Fake content is getting some attention thanks to Facebook and Google. But another problem digital publishers need to deal with is a big one: advertising fraud. Ad fraud is pervasive in the publishing industry, and it’s likely affecting you.
When marketers buy advertising, they’re paying for human interactions. However, more and more often, those interactions are with bots: software programs that visit web pages, which record them as page views. As bots continue to grow in sophistication, they’re increasingly able to mimic users’ browsing behaviors. Unfortunately, bots do not buy, which decreases advertisers’ conversion rates and impacts their returns on investment.
To combat fraud, publishers need to be diligent about where they source their traffic and use the latest software tools to monitor ad fraud and cut off sources that supply bots. Accountable and transparent practices regarding conversion numbers and the ability to monitor ads for quality and performance can help eliminate fraud and distinguish solid marketing options from sketchy ones.
As a magazine publisher, arm yourself with knowledge about possible fraudulent ad practices and consequences. Create dynamic, proactive policies to combat ad fraud. Because of widespread third-party traffic sourcing practices, reputable publishers can provide audits that demonstrate who their audiences are.
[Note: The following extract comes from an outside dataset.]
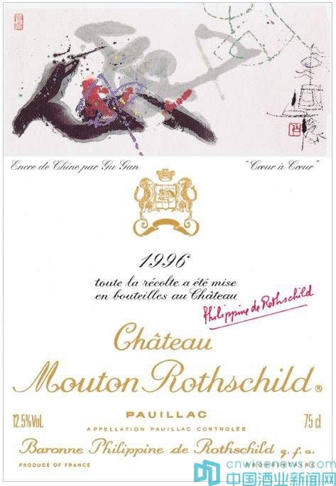 1996年對于波爾多來說是難得的好年份之一,這一年的波爾多葡萄酒受到了評論界廣泛的好評。1996年份的酒標設計,木桐酒莊選擇了與中國畫家兼書法家古干合作。該年份的酒標加入了中國書法的元素,采用水墨畫的方式描繪出五個不同顏色的“心”字,極富視覺沖擊又寓意深遠。

They closely monitor their third-party sources for indicators of possible fraud and track where ads are coming from. Advertisers should insist that publishers provide statistics on viewable impressions rather than total impressions and refuse to buy ad space from publishers who can’t.
Publishers and advertisers alike face digital ad fraud. It impacts all aspects of the publisher-advertiser relationship as an audience may not see relevant ads. Fraud drives advertising costs higher, doesn’t provide desired returns, and erodes trust. It’s up to advertisers to demand demonstrable traffic metrics and up to publishers to put the necessary detection and prevention technologies in place to provide that.